- Work instruction: All pictures are to be dropped, and the remaining data set down exactly.

- Input for this task:
******

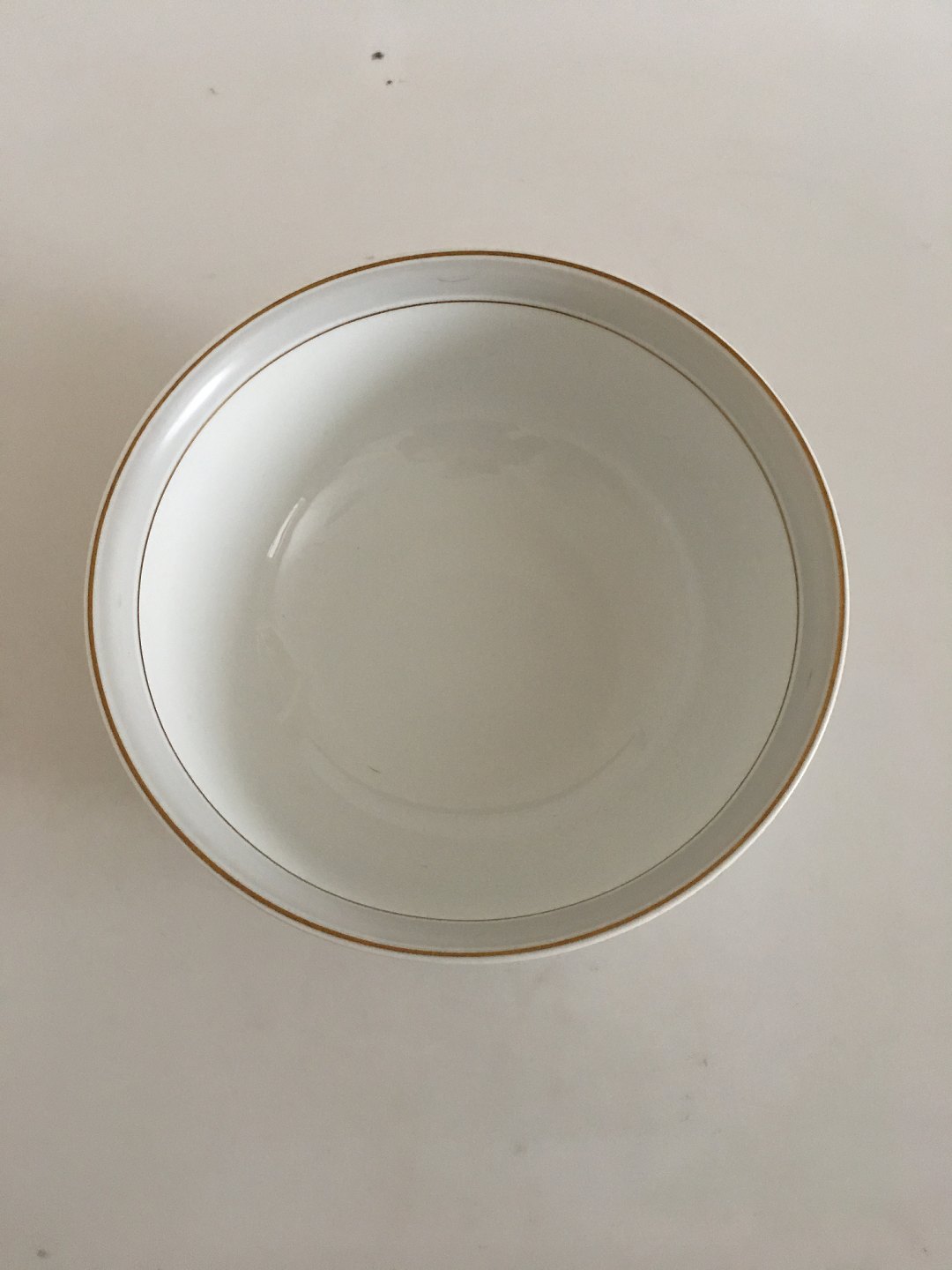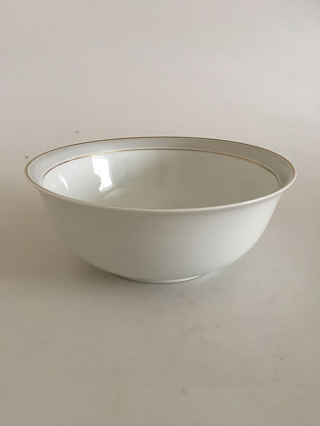 Bing & Grondahl Tiber Bowl No 43. 8.5 cm H (3 11/32"). 22 cm dia (8 21/32"). White with Light Grey Border and Gold Edge.
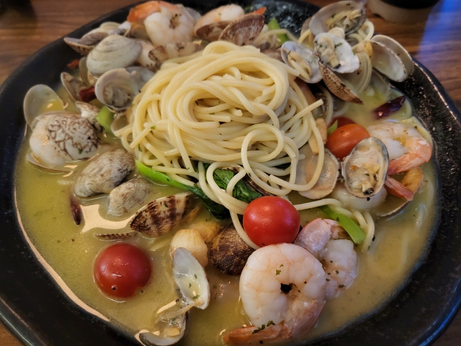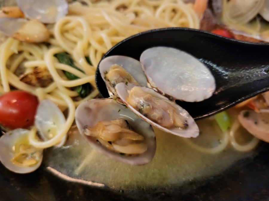방울토마토, 바지락, 새우, 마늘등이 푸짐하게 들어가 보기에도 좋았고 개인적으로 술찜 국물이 일품 해산물향과 부드러운 버터향이 가히 폭발적이더라구요 파스타 식감도 딱
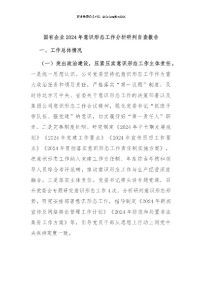 / 【七哥公文】2024年:国有企业2024年意识形态工作分析研判自查报告+更多免费公文+VX:QiGeGongWen2024
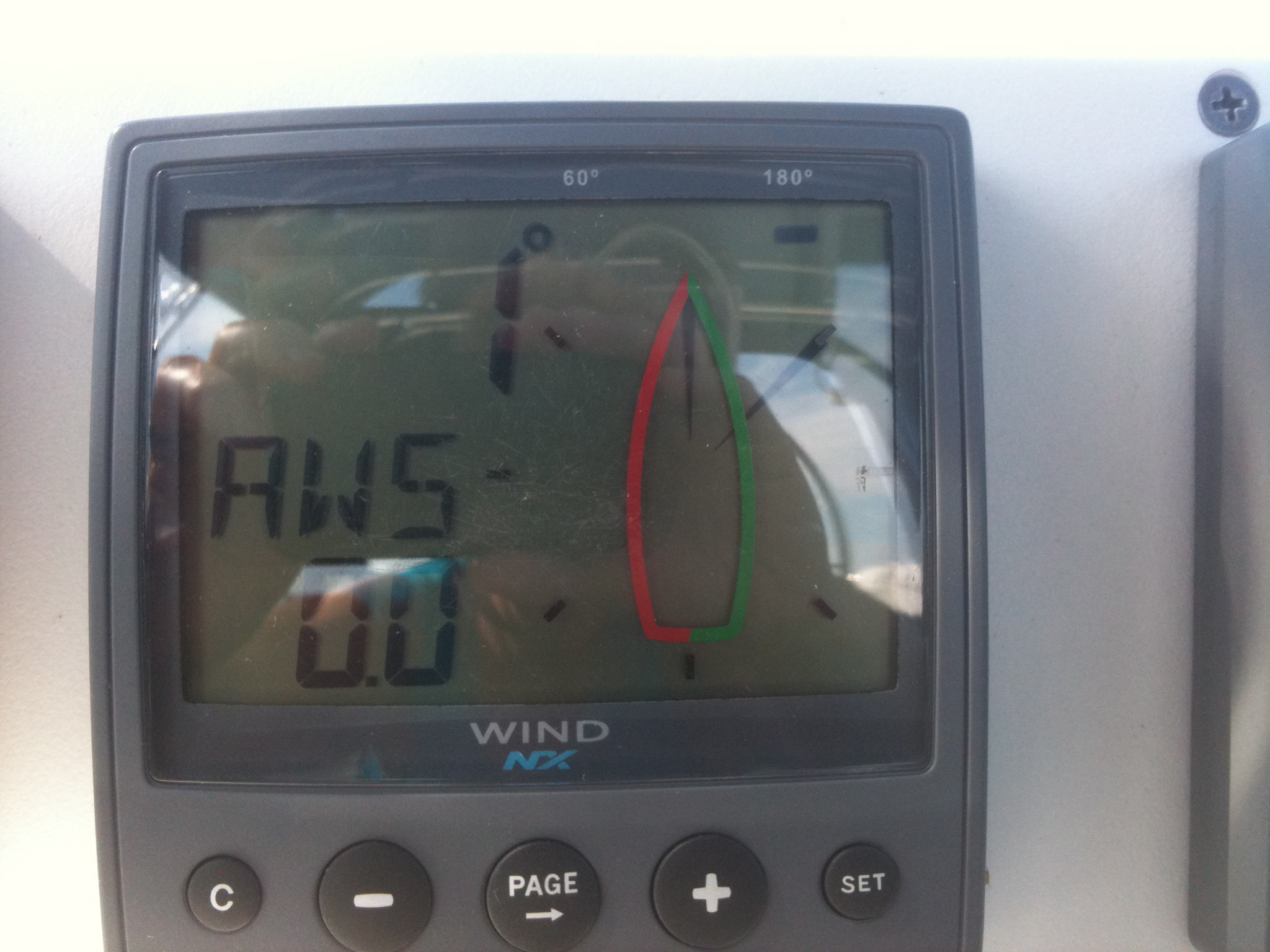 After we finished installing the wind instrument, we had to fish the wire through the boat and this actually proved to be the more difficult task as it took forever to push the wire through all the little nooks and crannies to get it to the right place. Finally, that was done and then we discovered that we were missing a little tiny piece of plastic that gives it power. This little piece might be at home. At any rate, we don’t have it so we still don’t know the speed of the wind!
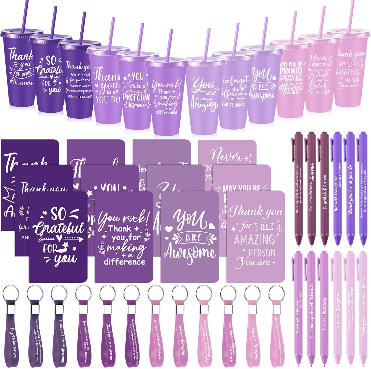 - Appreciation Gifts Bulk: 12 thank you plastic cups with lids and straws, 12 purple ballpoint pens, 12 purple notebooks, 12 silicone keychains, purple styles and sufficient quantity, you can send these inspiring motivational sets to employees, colleagues, partners, teammates to express your love and care; Say "thank you" in a meaningful and memorable way with employee appreciation gift boxes
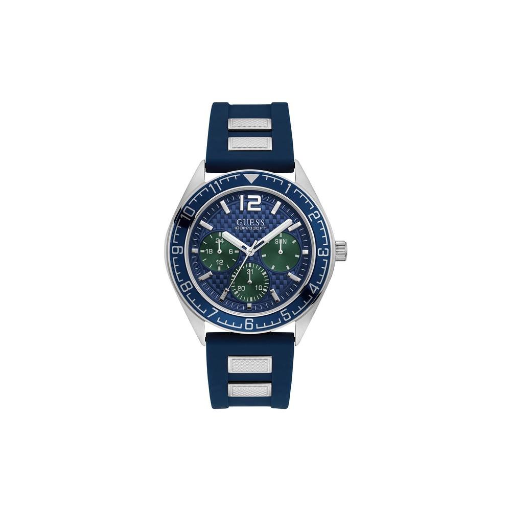 Stylish blue dial and blue strap Guess watch with a quartz movement. Features a silver-tone case and green sub-dials for a modern look. Ideal for casual and everyday wear.
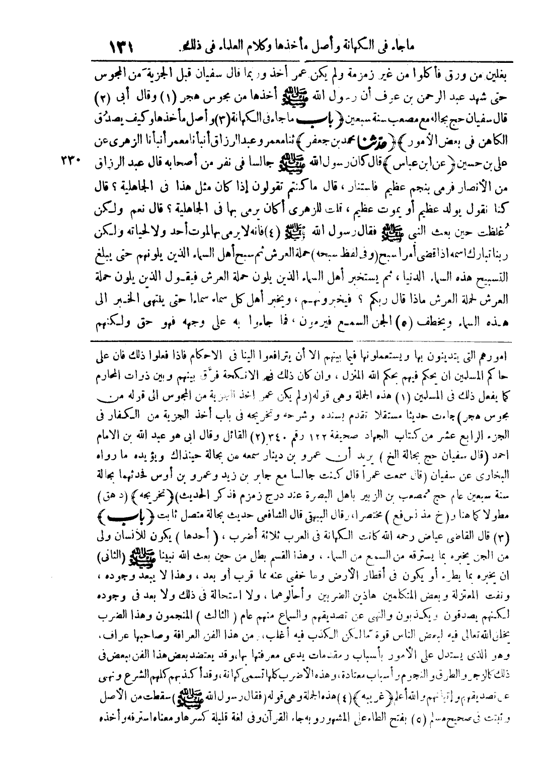 بغلين من ورق فأكلوا من غير زمزمة ولم يكن عمر أخذ وربما قال سفيان قبل الجزية من المجوس حتى شهد عبد الرحمن بن عوف أن رسول الله صلى الله عليه وسلم أخذها من مجوس هجر (1) وقال أبى (2) قال سفيان حج بجاله مع مصعب سنة سبعين (باب ما جاء فى الكهانة (3) وأصل مأخذها وكيف يصدق الكاهن فى بعض الأمور) (حدّثنا محمد بن جعفر) ثنا معمر وعبد الرزاق أنبأنا معمر أنبأنا الزهرى عن على بن حسين (عن ابن عباس) قال كان رسول الله صلى الله عليه وسلم جالسا فى نفر من أصحابه قال عبد الرزاق من الأنصار فرمى بنجم عظيم فاستنار، قال ما كنتم تقولون إذا كان مثل هذا فى الجاهلية؟ قال كنا نقول يولد عظيم أو يموت عظيم، قلت للزهرى أكان يرمى بها فى الجاهلية؟ قال نعم ولكن غلظت حين بعث النبى صلى الله عليه وسلم فقال رسول الله صلى الله عليه وسلم (4) فانه لا يرمى بها لموت أحد ولا لحياته ولكن ربنا تبارك اسمه اذا قضى أمرا سبح (وفى لفظ سبحه) حملة العرش ثم سبح أهل السماء الذين يلونهم حتى يبلغ التسبيح هذه السماء الدنيا، ثم يستخبر أهل السماء الذين يلون حملة العرش فيقول الذين يلون حملة العرش لحملة العرش ماذا قال ربكم؟ فيخبرونهم، ويخبر أهل كل سماء سماءا حتى ينتهى الخبر الى هذه السماء ويخطف (5) الجن السمع فيرمون، فما جاءوا به على وجهه فهو حق ولكنهم
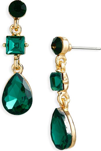 A trio of faceted crystal drops bring delightful shimmer and a pop of color to polished earrings that add instant glamour to your lobes.
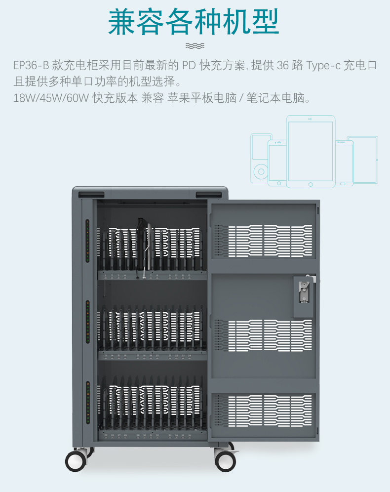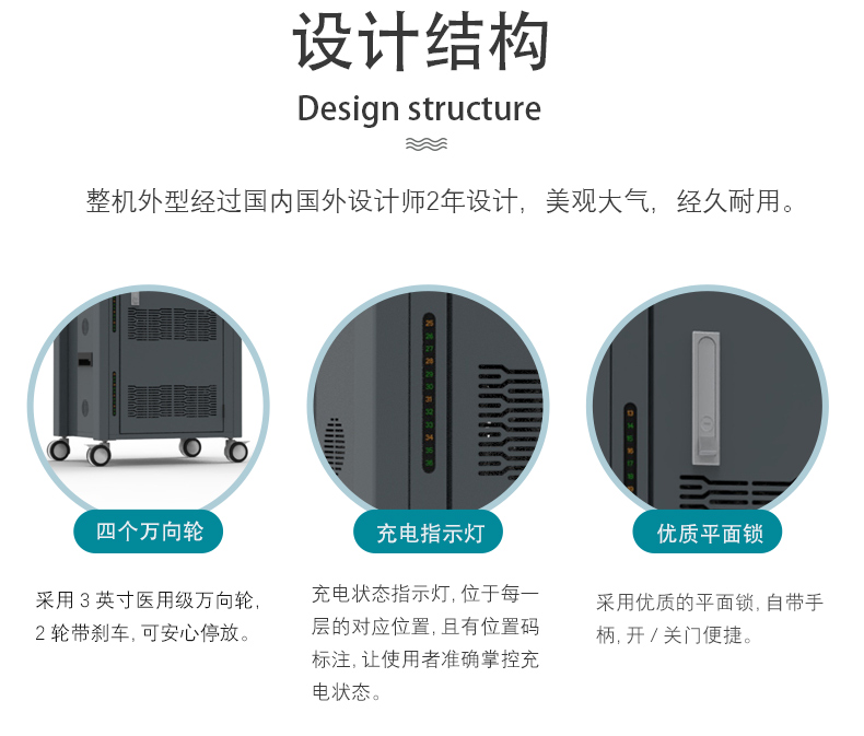 7.充電狀態顯示:在每一層的對應位置配備LED指示燈面板(采用PC材質,顯示清晰,美觀耐用),對每一臺電腦的充電狀態進行全面監測,充電中顯示紅燈,充滿顯示綠燈。★★★
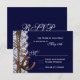 Den har ett land-rustiskt tryckt snöre och ett trådband på sidan med två hästskor i grund hörnet. Bakgrunden är ett marinblått färg. Perfekt för land eller bröllop. Lägg bara till ditt OSA-datum på kortet. Tvillingbågen och snöre är bara utskrivna. Det är inte snöre eller tråd.

******

- Response area:
 Bing & Grondahl Tiber Bowl No 43. 8.5 cm H (3 11/32"). 22 cm dia (8 21/32"). White with Light Grey Border and Gold Edge.
방울토마토, 바지락, 새우, 마늘등이 푸짐하게 들어가 보기에도 좋았고 개인적으로 술찜 국물이 일품 해산물향과 부드러운 버터향이 가히 폭발적이더라구요 파스타 식감도 딱
 / 【七哥公文】2024年:国有企业2024年意识形态工作分析研判自查报告+更多免费公文+VX:QiGeGongWen2024
 After we finished installing the wind instrument, we had to fish the wire through the boat and this actually proved to be the more difficult task as it took forever to push the wire through all the little nooks and crannies to get it to the right place. Finally, that was done and then we discovered that we were missing a little tiny piece of plastic that gives it power. This little piece might be at home. At any rate, we don’t have it so we still don’t know the speed of the wind!
 - Appreciation Gifts Bulk: 12 thank you plastic cups with lids and straws, 12 purple ballpoint pens, 12 purple notebooks, 12 silicone keychains, purple styles and sufficient quantity, you can send these inspiring motivational sets to employees, colleagues, partners, teammates to express your love and care; Say "thank you" in a meaningful and memorable way with employee appreciation gift boxes
 Stylish blue dial and blue strap Guess watch with a quartz movement. Features a silver-tone case and green sub-dials for a modern look. Ideal for casual and everyday wear.
 بغلين من ورق فأكلوا من غير زمزمة ولم يكن عمر أخذ وربما قال سفيان قبل الجزية من المجوس حتى شهد عبد الرحمن بن عوف أن رسول الله صلى الله عليه وسلم أخذها من مجوس هجر (1) وقال أبى (2) قال سفيان حج بجاله مع مصعب سنة سبعين (باب ما جاء فى الكهانة (3) وأصل مأخذها وكيف يصدق الكاهن فى بعض الأمور) (حدّثنا محمد بن جعفر) ثنا معمر وعبد الرزاق أنبأنا معمر أنبأنا الزهرى عن على بن حسين (عن ابن عباس) قال كان رسول الله صلى الله عليه وسلم جالسا فى نفر من أصحابه قال عبد الرزاق من الأنصار فرمى بنجم عظيم فاستنار، قال ما كنتم تقولون إذا كان مثل هذا فى الجاهلية؟ قال كنا نقول يولد عظيم أو يموت عظيم، قلت للزهرى أكان يرمى بها فى الجاهلية؟ قال نعم ولكن غلظت حين بعث النبى صلى الله عليه وسلم فقال رسول الله صلى الله عليه وسلم (4) فانه لا يرمى بها لموت أحد ولا لحياته ولكن ربنا تبارك اسمه اذا قضى أمرا سبح (وفى لفظ سبحه) حملة العرش ثم سبح أهل السماء الذين يلونهم حتى يبلغ التسبيح هذه السماء الدنيا، ثم يستخبر أهل السماء الذين يلون حملة العرش فيقول الذين يلون حملة العرش لحملة العرش ماذا قال ربكم؟ فيخبرونهم، ويخبر أهل كل سماء سماءا حتى ينتهى الخبر الى هذه السماء ويخطف (5) الجن السمع فيرمون، فما جاءوا به على وجهه فهو حق ولكنهم
 A trio of faceted crystal drops bring delightful shimmer and a pop of color to polished earrings that add instant glamour to your lobes.
 7.充電狀態顯示:在每一層的對應位置配備LED指示燈面板(采用PC材質,顯示清晰,美觀耐用),對每一臺電腦的充電狀態進行全面監測,充電中顯示紅燈,充滿顯示綠燈。★★★
 Den har ett land-rustiskt tryckt snöre och ett trådband på sidan med två hästskor i grund hörnet. Bakgrunden är ett marinblått färg. Perfekt för land eller bröllop. Lägg bara till ditt OSA-datum på kortet. Tvillingbågen och snöre är bara utskrivna. Det är inte snöre eller tråd.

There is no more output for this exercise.